I also think that I’m probably the kind of person that uses humor to mask pain. Probably a lot of people do. I’m pretty used to trying to mask bad things in humor. I do think, sometimes, that it’s easier to relate to something when it’s funny because, instead of feeling, like, it wasn’t so bad XYZ happened, you can sort of laugh at it, think through your own experience, and see how it matches up with the humor that was presented.

LG: Were you able, eventually, to access your archive? I hope your writing wasn’t lost…

RB: Yes. I’m not actually sure what happened. It may have been a CMS issue but we were able to get our writing back. It took a few days. That ended up not being as big of a deal as I thought it was going to be. But in the moment everything was gone. We couldn’t access anything. It was pretty horrifying. Oh my god. Now I have every single thing I’ve ever written downloaded in PDF form on my computer. To lose all of your work—6 years worth of work—is just unimaginable. I have it all back but… Someone wanted to call me in for a job interview right after the site got shut down. He was like, “I would ask for clips, but I assume you don’t have any.” To think about not having any clips, not having anything to show for years of work, was not great.

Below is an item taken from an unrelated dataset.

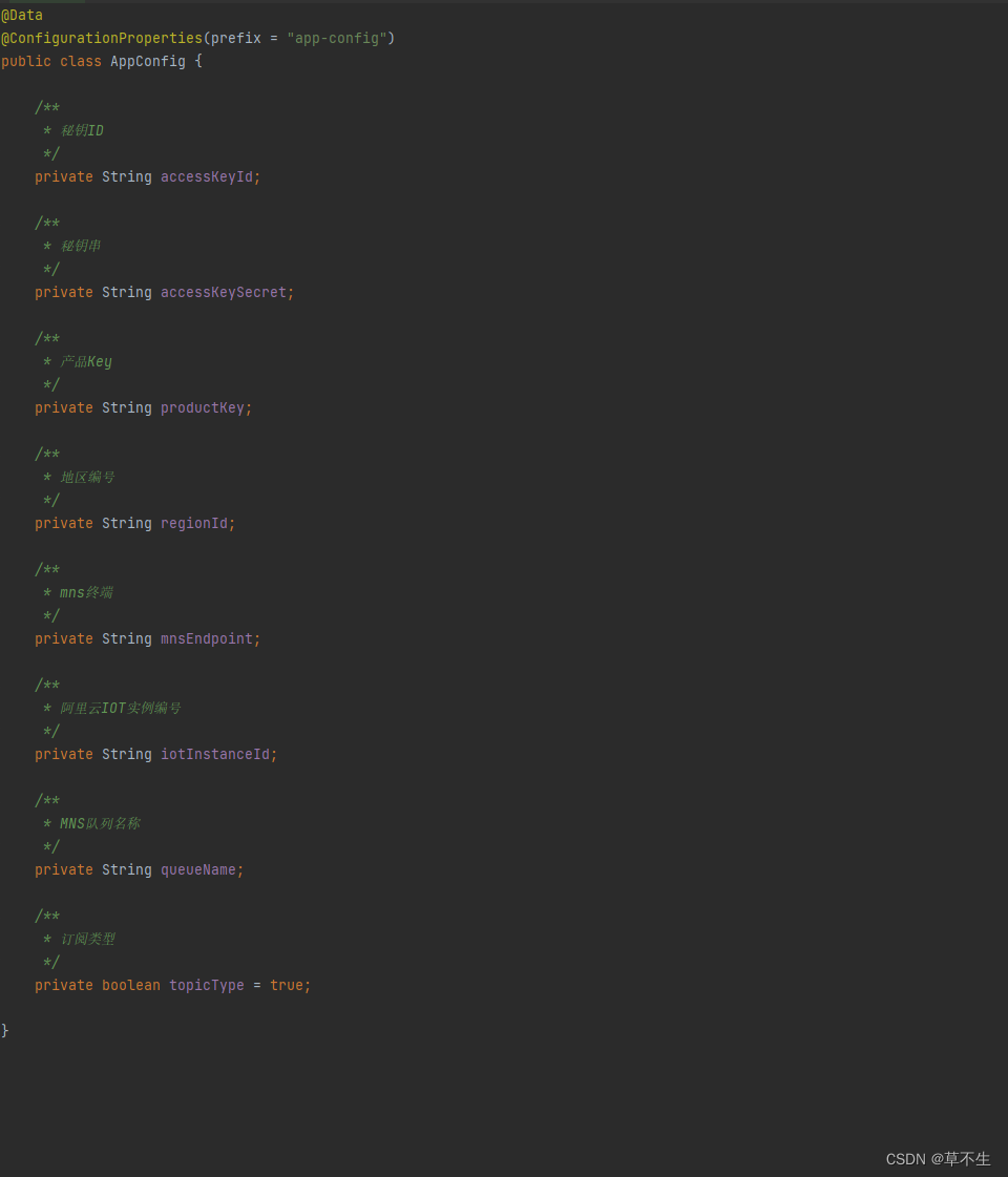 public class DeviceConfig implements Serializable {/*** 验签信息*/private String sn;/*** 产品唯一key*/private String productKey;/*** 设备编号*/private String deviceName;/*** 设备秘钥*/private String deviceSecret;/*** 地址*/public String host;/*** 端口*/public int port;/*** 阿里云实例ID*/private String iotId;/*** token验签信息*/private String iotToken;/*** 创建时间*/private Date createdTime;/*** 过期时间 默认7天过期*/private Date overdueTime;/*** 时间戳*/private String timeStamp;}

LG: You mentioned you were approached to write Good Things after your layoff from Gothamist. I’m curious whether the opportunity felt like a welcomed upside to a terrible situation or if committing to a new project in a new form (essay vs. blog) brought additional stress.

RF: I had a little bit of time to ease into the essay form. To write a nonfiction book you have to have an outline, which required me to have a few sample essays and also a list of things I might want to write essays on if the book were to be bought by the publisher. I wasn’t commissioned to write it by the publisher as much as somebody said, “This might be a good idea for you to write.” I put together a proposal and then the proposal got bought. I think I wrote two or three sample essays. My first few were terrible. I definitely did not think I was going to manage to pull a whole book together. After I got laid off, I tried a bunch of different kinds of writing. I wrote some longer form articles, I wrote some blog posts, I wrote essays. So I had some time to practice before I had to sit and write a whole book. It did seem daunting at first.

LG: It’s interesting that you took the essay upon yourself as a new form. What brought you to it?

RF: That’s a good question. I was reading a lot of essays at the time, and it seemed to me that this was something I would be able to do. I’m not sure. If I could go back in time I might tell myself not to write personal essays. But, at the time, it seemed like a great idea. I was reading Sloane Crosley, Samantha Irby, and Phoebe Robinson, all great essay writers. I thought that I could also do it. So, I did. But it’s not easy. I had written a few, I think, for Gothamist. I wrote an essay for The Cut around the same time I was writing the outline for the book. It seemed like a natural fit. Also, with writing blog posts, I did insert the personal in the posts. Not all the time, but quite frequently. I was sort of used to writing about myself but usually packaged as an article. It was a natural transition, even though it did take some work.

LG: You mentioned the first couple of essays you wrote were not very good. What didn’t you like about them?

RF: There’s a certain artform to the essay that I struggled with a little bit. Like, what the point was, how much to reveal, how much not to reveal. I think some of the essays are meant to be funny, so they focus on the more hyperbolic aspects of certain experiences for the sake of humor. It was just something new, a new form of writing, and I hadn’t done it in a long time. It required me to flex a new muscle. I think the first essay that I wrote was actually the Sun-In essay. It was a very different essay when I started writing it. The second was the Taylor Swift essay.

LG: I really enjoyed both of those. It’s funny that the early drafts you didn’t like turned into two of my favorites.

RF: That’s good! I did change them. I think any new writing, you try it a few times, and then you scrap it.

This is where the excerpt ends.